Spacecraft properties
- Launch mass: 3,218 kg (7,094 lb)
- Dry mass: 1,594 kg (3,514 lb)
- Payload mass: 214 kg (472 lb) plus 220 kg (490 lb) atmospheric probe
- Dimensions: Height: 6.96 m (22.8 ft) Diameter: 4.56 m (15.0 ft)
- Power: 1,087 W (1.458 hp) from 3 Next-Generation Radioisotope thermoelectric generators

Start of mission
- Launch date: 2033 (proposed)
- Rocket: Space Launch System (proposed) Falcon Heavy (alternative)

Neptune orbiter
- Orbital insertion: 2049 (proposed)

Neptune atmospheric probe
- Atmospheric entry: 2049 (proposed)

= Neptune Odyssey =

NASA orbiter mission concept to study the Neptune system

Neptune Odyssey is an orbiter mission concept to study Neptune and its moons, particularly Triton. The orbiter would enter into a retrograde orbit of Neptune to facilitate simultaneous study of Triton and would launch an atmospheric probe to characterize Neptune's atmosphere. The concept is being developed as a potential large strategic science mission for NASA by a team led by the Applied Physics Laboratory at Johns Hopkins University. The current proposal targets a launch in 2033 using the Space Launch System with arrival at Neptune in 2049, although trajectories using gravity assists at Jupiter have also been considered with launch dates in 2031.

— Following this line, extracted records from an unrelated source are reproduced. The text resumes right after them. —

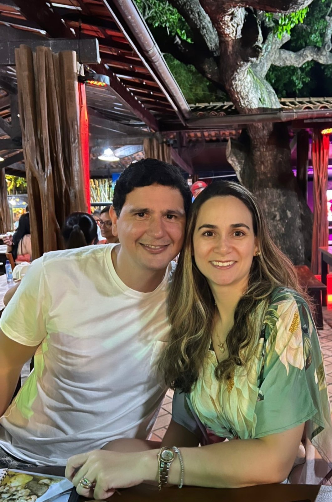 O casal Fábio Araújo e Marina Tajra Araújo na Praia do Forte.
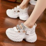 Gümrüklü deriden üretilmiştir. Tabanı kauçuktur. Sandalet rahat platform topukludur. Topuk yüksekliği 8 cm’dir. Spor platform kalın taban sandalet cırtlı ve parlak taş detaylı olarak tasarlanmıştır. Gümüş ve Beyaz rengi mevcuttur. 34-39 beden seçenekleri arasında sipariş verebilirsiniz.
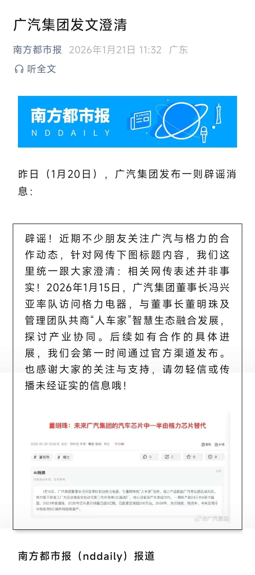#广汽辟谣未来一半汽车用格力芯片#【广汽集团发文澄清】#广汽澄清与格力合作#1月20日,广汽集团发布一则辟谣消息:辟谣!近期不少朋友关注广汽与格力的合作动态,针对网传下图标题内容,我们这里统一跟大家澄清:相关网传表述并非事实!2026年1月15日,广汽集团董事长冯兴亚率队访问格力电器,与董事长董明珠及管理团队共商“人车家”智慧生态融合发展,探讨产业协同。后续如有合作的具体进展,我们会第一时间通过官方渠道发布。也感谢大家的关注与支持,请勿轻信或传播未经证实的信息哦!
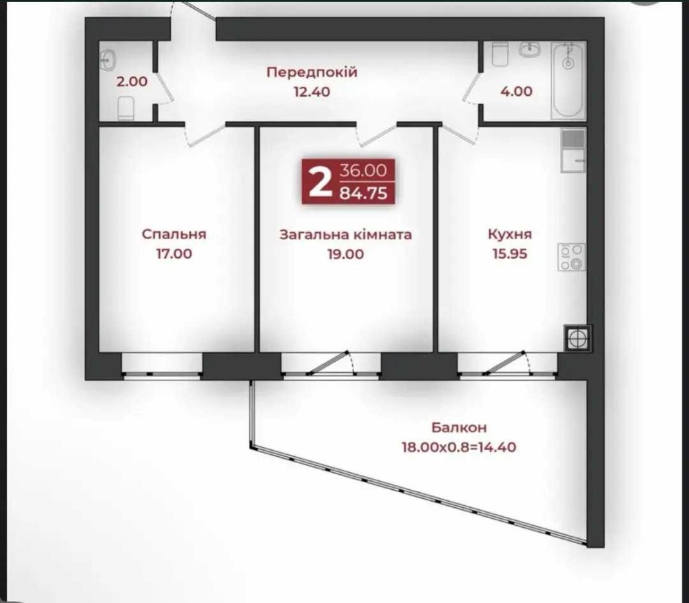 Загальна площа 85 м2 — продумане планування з окремими кімнатами, великою кухнею 16 м2 та шикарною терасою 15 м2, де можна облаштувати зону відпочинку чи місце для ранкової кави.
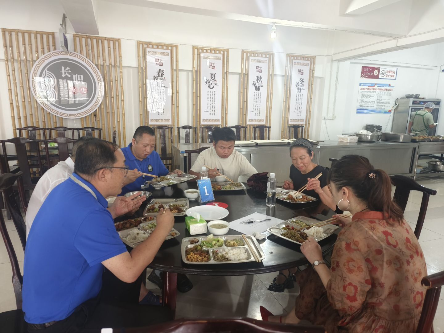 会后,全体参会人员实地参观食堂后厨,检查食材存储、加工流程及卫生状况并陪餐,现场提出优化建议。
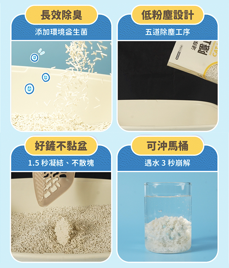 ※ 本產品為條型凝結砂,需搭配稍大孔徑貓砂鏟及單層貓砂盆使用。
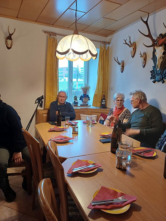 Aufgeteilt haben sie sich in zwei ca. gleich große Gruppen, wobei die etwas geübteren und sportlicheren Wanderer eine etwas längere und anspruchsvollere Route wählten. Man traf sich dann wieder beim Zollner, wo alle die verbrauchten Kalorien mit einer ausgezeichneten Jause nachfüllten. Danach haben wir bei gemütlichem Zusammensitzen mit guter Unterhaltung und viel Spaß unsere letzte Aktivität im Jahr 2025 ausklingen lassen.
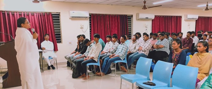 In addition, the members from the Brahma Kumaris, Vizianagaram – BK Subbareddy, BK Vaishnavi, BK Saraswathi, BK Hemalatha, BK Manjusha, and BK Padmasri – delivered inspiring sessions on Yoga & Meditation for a Healthy, stress free & Successful Life. These sessions emphasized stress management, inner peace, and mindfulness as essential tools for academic excellence and personal well-being.
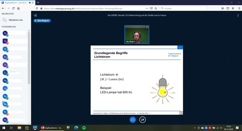 Mit 20 Teilnehmenden war unsere erste „GRÜNE STUNDE DIGITAL“ zum Thema LED ein voller Erfolg. Vielen Dank den interessierten Teilnehmer*innen, an unseren Referenten Dr. Max Wagner sowie an Torsten Leveringhaus, der sich um die technischen Voraussetzungen gekümmert hat.
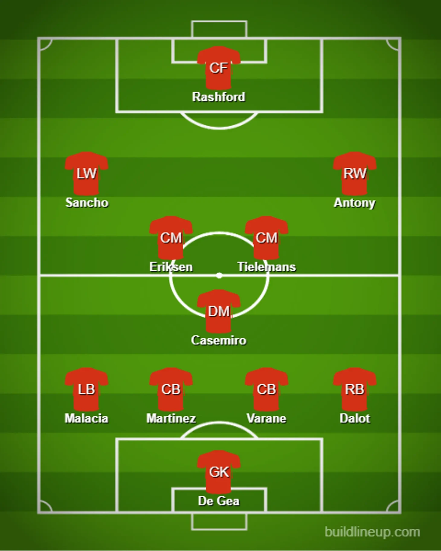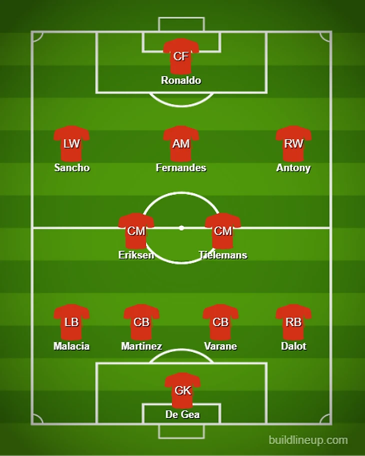 Тилеманс может неплохо сыграть роль атакующего полузащитника, а это значит, что если необходимо, стать заменой Бруну Фернандешу. Вероятно, что он также может поменяться местами с Кристианом Эриксеном и помочь сохранить интенсивность в центре. Вот, как выглядел бы состав, если заменить Фернандеша на Тилеманса.
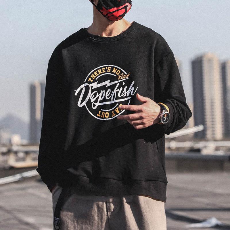 Round Neck Sweater Men's Hoodless Autumn and Winter Tops Ins Tide Brand Loose Large Size Trend All-match Jacket To Keep Warm and Comfortable
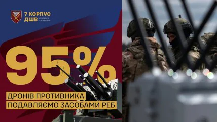 На лінії зіткнення на Донеччині 95% дронів противника придушується засобами РЕБ. Про це повідомив начальник відділення радіоелектронної та кіберборотьби 7 технокорпусу ДШВ Віктор Кордон.
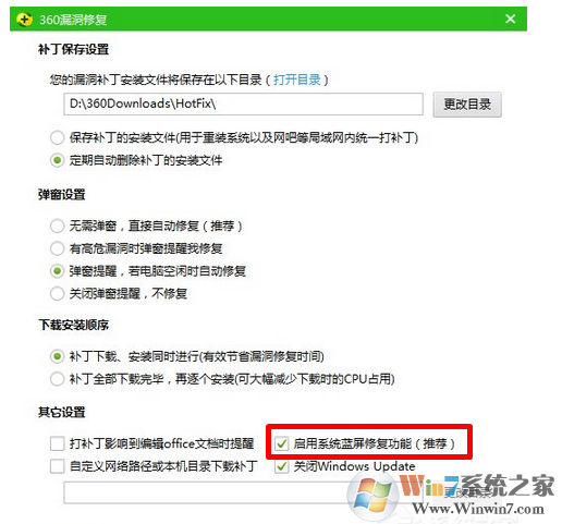 5、然后找到啟用系統(tǒng)藍(lán)屏修復(fù)功能,勾選或空白。這樣就能啟用和關(guān)閉360藍(lán)屏修復(fù)功能。
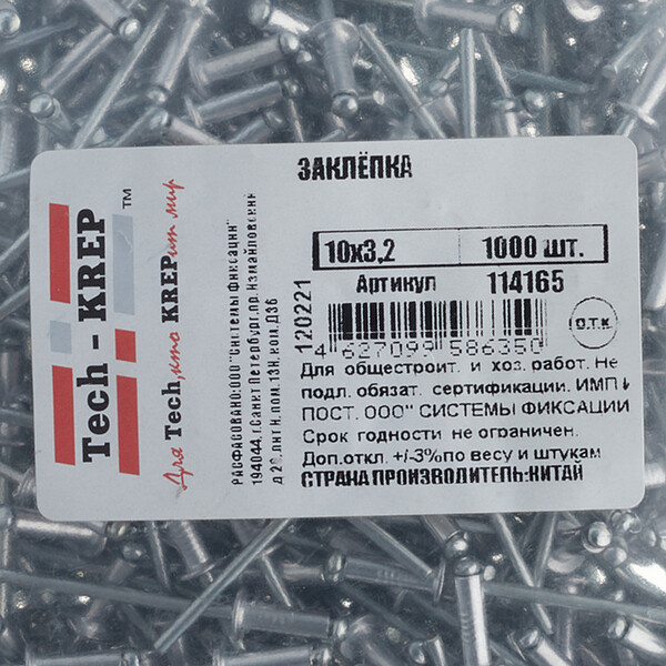 Предназначены для получения надежного неразъемного соединения различных материалов толщиной от 4,9 до 6,9 мм. Вытяжные заклепки удобны тем, что для их установки необходим доступ к скрепляемым поверхностям лишь с одной стороны.
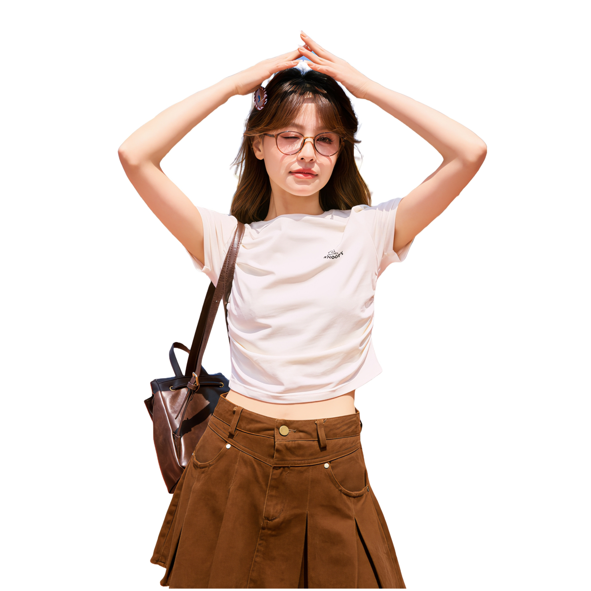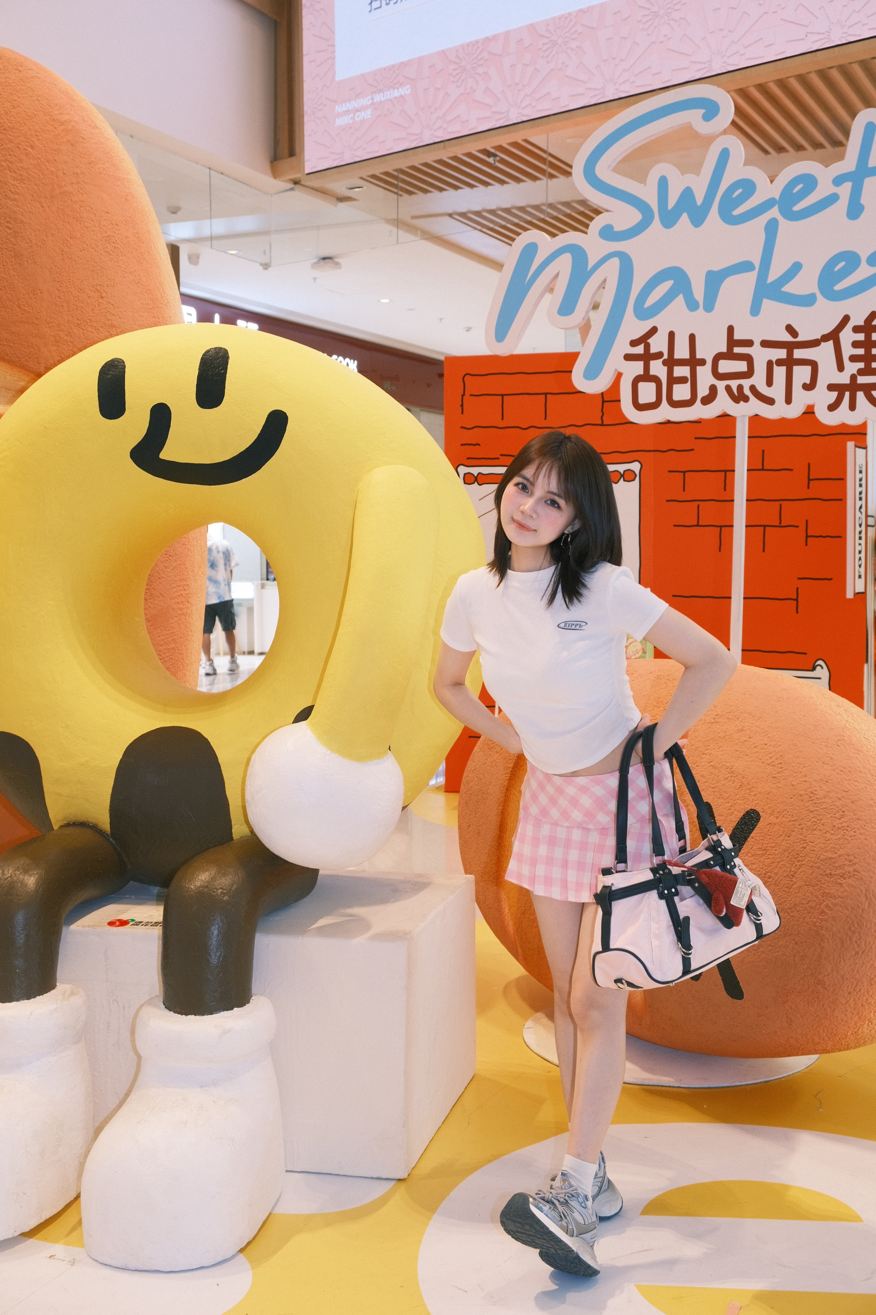 和甜甜圈巨型装置同框,今天是糖分超标的元气甜妹🍩 短款白T露腰+粉格百褶裙,清爽又显比例 搭配拼色包包和老爹鞋,甜中带点休闲感 随便一站都像漫画里走出来的!
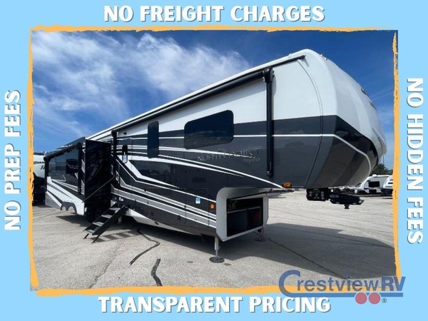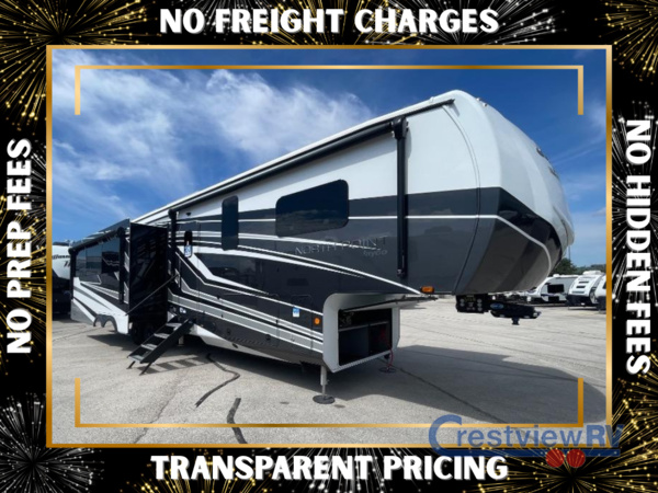With any North Point fifth wheel by Jayco you begin with a strong foundation with a custom frame, designed and sized specifically to best support each unit. Constructed with Stronghold VBL aluminum framed, vacuum bond laminated walls and the Magnum Truss XL6 roof system with an Alpha roof membrane system, which is the strongest tested roof in the industry. The 5-Star Handling package is included with H-rated tires with TPMS, a MORryde rubber pin box, Dexter axles with Nev-R-Adjust brakes, MORryde CRE-3000 rubberized suspension and wet bolt fasteners and bronze bushings. The interior has handcrafted hardwood glazed doors and drawers, vinyl flooring throughout, an integrated under-mount sink in the main bathroom, plus so much more you just have to see one to believe it all!
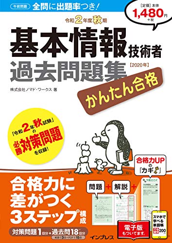 (PDF・スマホ単語帳付)「かんたん合格 基本情報技術者過去問題集 令和2年度秋期」は、基本情報技術者試験の過去問題を収録した教材です。合格を目指す方に最適な内容で、効率的な学習をサポートします。
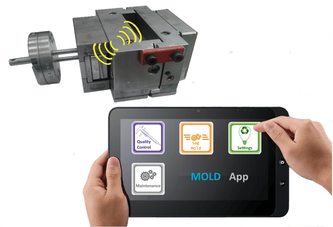 Industrie 4.0 elements are also being introduced in the injection mold industry. Smart devices are being integrated into tools of injection molding, for example to give feedback on how a mold is (mis)used and to monitor condition of a mold (e.g. for corrosion) contributing to a predictive maintenance and determine how a mold could be improved. Moreover, sensors and actuators can be used to incorporate active mechanisms in the mold that actively change some of the geometry on-the-fly based on real-time measurements or costumer needs
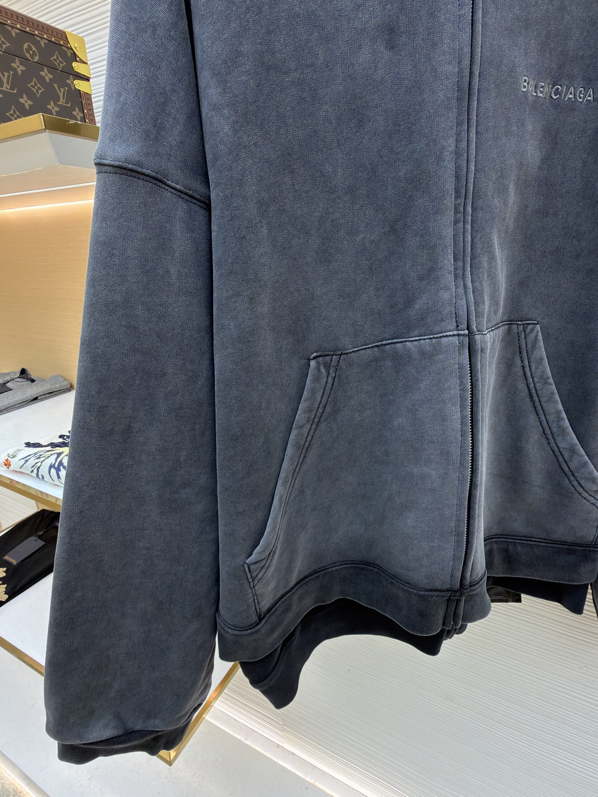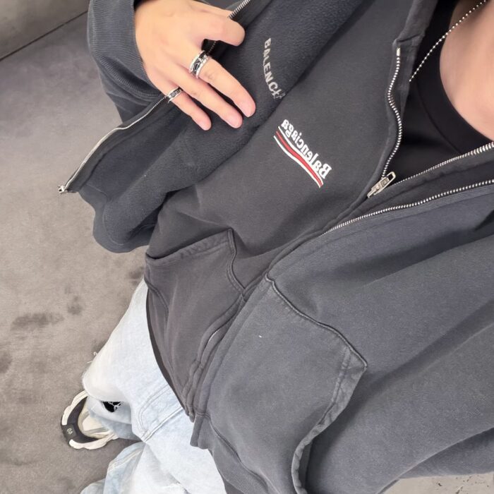 Balenciaga LOGO Two-in-one loose ZIP-UP jacket washed black バレンシアガ LOGO ツーインワン ゆったり ジップアップ ジャケット 洗い黒
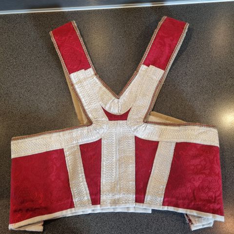 Flott rød ull opplut til Åmeli Bunad. Sølvbåndene er veldig fine, og er ikke oksidert.
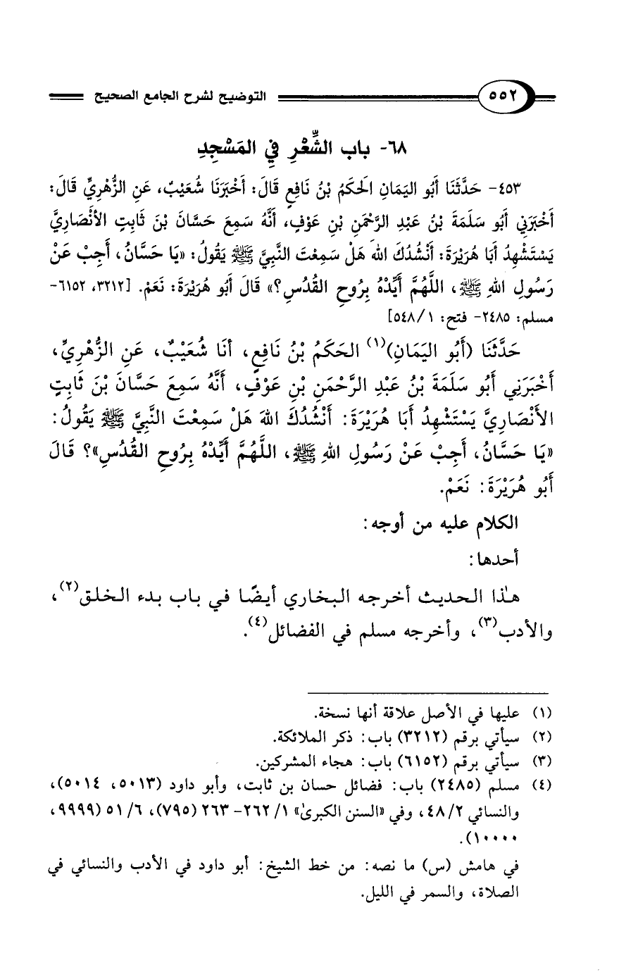453 - حَدَّثَنَا أَبُو اليَمَانِ الَحكَمُ بْنُ نَافِع قَالَ: أَخْبَرَنَا شعَيْبٌ، عَنِ الزُّهْرِيِّ قَالَ: أَخْبَرَنِي أَبُو سَلَمَةَ بن عَبْدِ الرَّحْمَنِ بْنِ عَوْفٍ، أَنَّة سَمِعَ حَسَّانَ بْنَ ثَابِتِ الأنصَارِيَّ يَسْتَشْهِدُ أَبَا هُرَيْرَةَ: أَنْشُدُكَ اللهَ هَلْ سَمِعْتَ النَّبِيَّ - صلى الله عليه وسلم - يَقُولُ: "يَا حَسَّانُ، أَجِبْ عَنْ رَسُولِ اللهِ - صلى الله عليه وسلم -، اللَّهُمَّ أَيِّدْهُ بِرُوحِ القُدُسِ؟ " قَالَ أَبُو هُرَيْرَةَ: نَعَمْ. [3212، 6152 - مسلم: 2485 - فتح: 1/ 548]

The mission concept was considered for possible recommendation as a mission priority in the 2023–2032 Planetary Science Decadal Survey. However, for logistical reasons the Uranus Orbiter and Probe mission was selected as the ice giant orbiter mission recommendation, with top priority ahead of the Enceladus Orbilander.

==Background==

Voyager 2 is the only space probe to have visited the Neptune system, completing a flyby on August 25, 1989. An orbiter to Neptune was considered as part of the aborted Mariner Mark II program in the 1990s, and several mission concepts for an orbiter were developed in the 2000s, including a concept by the California Institute of Technology and a version by the University of Idaho and Boeing, though none were selected for further development. Some concepts included nuclear-electric propulsion to shorten travel times and increase payload to Neptune. The 2011-2022 Planetary Science Decadal Survey recommended a Flagship-class orbiter mission to an ice giant with priority behind what would become the Mars 2020 rover and the Europa Clipper. Ice giants are now appreciated as a common type of exoplanet, precipitating the need for further study of ice giants in the Solar System. The ice giants Uranus and Neptune were seen as unique yet equally compelling scientific targets, but a Uranus Orbiter and Probe was given preference for logistical and cost reasons. A Uranus orbiter would logically follow Flagship-class orbiter missions undertaken at Jupiter and Saturn (Galileo and Cassini, respectively). A mission to Neptune is viewed by some to be of greater scientific merit because Triton, likely a captured Kuiper belt object and ocean world, is a more compelling astrobiology target than the moons of Uranus (though Ariel and Miranda in particular are possible ocean worlds). Nevertheless, again due to cost and logistical considerations including launch vehicle availability and available launch windows, the 2023–2032 Planetary Science Decadal Survey recommended the Uranus Orbiter and Probe instead of Neptune Odyssey. A less capable version of the Odyssey concept with more focus on Triton in lieu of ice giant science called Triton Ocean World Surveyor (TOWS) is being developed as a possible future New Frontiers mission. Another Triton-focused Neptune orbiter proposal called Nautilus was developed by several graduate students at the Jet Propulsion Laboratory in summer 2023; under the New Frontiers program, it would be launched in August 2042 and arrive in orbit in April 2057. The Chinese Academy of Sciences, along with other institutions of the Chinese space program, have proposed a nuclear electric probe which would fly past Jupiter on its way to orbit Neptune, where it could potentially deploy an atmospheric probe, or landers and surface penetrators for Triton.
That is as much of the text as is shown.